Bush's tax medicine has surprise side effects

February 05, 1992|By Robert D. Hershey Jr. | Robert D. Hershey Jr.,New York Times News Service

WASHINGTON -- Like many medicines, the tax breaks proposed by the Bush administration to help nurse the economy back to health involve some temporary unpleasantness and annoying side effects.

President Bush's advisers hope these will be minimal -- though one substantial impact has already emerged.

Almost inevitably, when it became clear in late autumn that the president would need to propose an economic rescue package, speculation mounted that it probably would include an incentive for corporations to invest in modernization.

Mr. Bush proposed last week a 15 percent investment tax allowance for new equipment bought between Feb. 1 and Dec. 31.

The federal government repeatedly has provided such a temporary spur -- the latest version ended in 1986. As a result, business executives, expecting some kind of tax break this year, did the only rational thing, deferring modernization plans, and orders for manufactured durable goods tumbled at a 5 percent annual pace in December. That was the biggest monthly decline in more than a year.

"Companies were well aware of the proposal for tax relief in 1992, and this clearly seems to have caused a 'wait and see' reaction by business," said Michael P. Niemira, an economist at Mitsubishi Bank in New York. He said orders for January, too, "probably will remain depressed."

Then there are the various incentives for real estate, including the widely hailed 10 percent tax credit, up to $5,000, to encourage people who have not owned a home within the last three years to buy one. To get the credit, a sales contract must be signed this year, but the transaction may be completed as late as mid-1993.

Since the residential real estate market was slowly perking up for much of last year, aided by falling prices and interest rates, it is less clear that talk of an incentive has caused substantial deferrals.

Still, even though the plan would apply retroactively to home purchases, beginning Saturday, some buyers almost certainly will sit tight while Congress debates the president's proposal and while the real estate industry invents a way to turn the credit into an immediate benefit.

Such aid could help to meet a down payment, which for many first-time buyers is the biggest obstacle to a purchase.

Some real estate brokers say they fear a chilling effect on the market while people try to figure the financial possibilities.

One sign that homebuyers are paying close attention to tax implications came in reports from real estate brokers of wild scrambles by buyers to defer until this week closings that had been scheduled for late January.

The investment allowance and the homebuyer credit both expire at the end of the year, a feature intended to spur early action, and distortions in activity could prove to be mostly a matter of shifting the time at which transactions occur.

One specific proposal, to abolish the tax exemption for certain kinds of annuities, has inspired a frenzy of buying by people wanting to get such annuities before Congress can act.

But some economists contend that putting any major tax proposal on the table introduces such general uncertainty that the economy could suffer damage that would not necessarily be made up.

Until, say, June or July, when the final outlines of legislation become clear, the proposals could delay economic revival, said Sung Won Sohn, head of an advisory panel of the American Bankers Association.

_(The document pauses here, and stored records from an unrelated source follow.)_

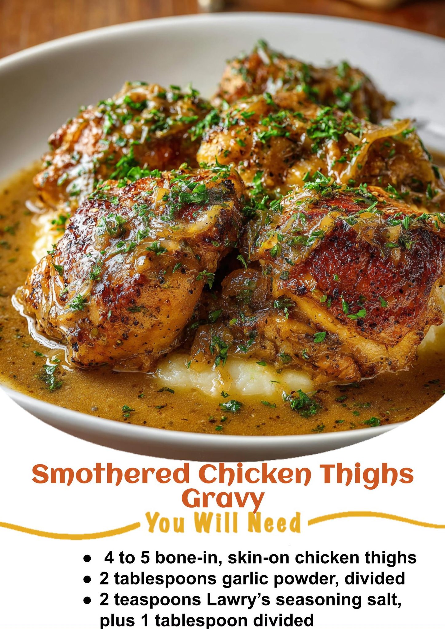 You can swap skinless thighs if you want to trim fat but retain some bone for flavor. Cajun seasoning or your favorite all purpose blend can sub in for Lawry’s. For a dairy free gravy use full fat coconut milk and olive oil instead of butter and cream.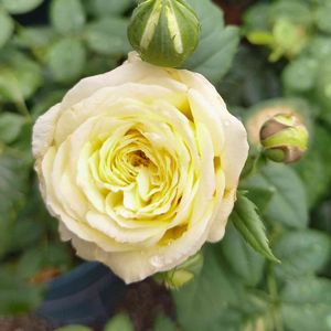 時は5月(,,• •,,) 大好きなパティオローズの注文で、小川 宏氏とお話ししていたところ… 小川さんが『バラ好きなの?』と聞くので 『はい好きです』と答えました 『じゃあ、ヴァージンフラワーの抜き苗?何本か贈るから育ててごらんなさい』・・・ Σ(,,ºΔº,,*)えぇっ??? っと言うことで、いただいた苗をポットに植え とにかく咲かすのよね?って感じで、何とか咲き揃えました とりあえずこの中から5つほど鉢あげ? …で、これからはどうするのかな σ(^_^;)?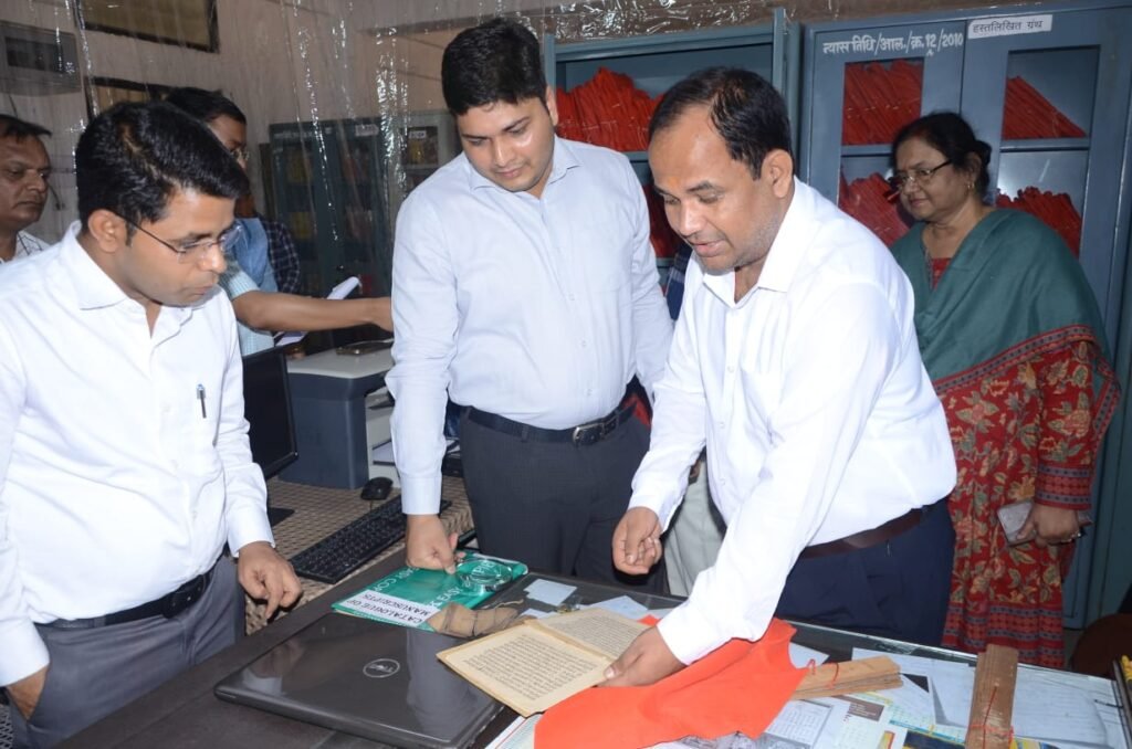कलेक्टर पहुंचे शासकीय संस्कृत कॉलेज, पाण्डुलिपि एवं ताम्रपत्र का किया अवलोकन

"It will actually depress economic conditions in the meantime," said Mr. Sohn, chief economist for Norwest Corp. in Minneapolis. "It's doing the opposite of what's intended."

Many in Washington, however, think a clear view of the legislation could emerge as early as March or even late this month.

But Mr. Sohn's view, shared by other members of his panel, is that the administration plan invites an election-year bidding war that could balloon the budget deficit, thereby frightening bond investors.

Indeed, interest rates on high-quality securities have already climbed in recent weeks by two-fifths of a percentage point from their lows, while rates on conventional mortgages have bounced back to 9 percent from a low of 8.25 percent.

The lowest mortgage rates in two decades set off a stampede to refinance, but there is no doubt that the market is also factoring in the risk that the competition to lavish benefits on voters could get out of control, as it did in 1981.

Other economists, however, are not as worried as Mr. Sohn is.

Irwin L. Kellner, chief economist for Chemical Banking Corp., acknowledges that although orders for durable goods were doubtless delayed in advance of the Bush plan, the economy should be little harmed either in coming weeks or for the rest of the year.

That is because business activity is weak and because of broad sympathy on Capitol Hill for many, perhaps most, of the president's proposals.

"It's not all one-sided" politically, Mr. Kellner said. "There's probably enough for both parties to like," which would keep legislative uncertainty to a minimum.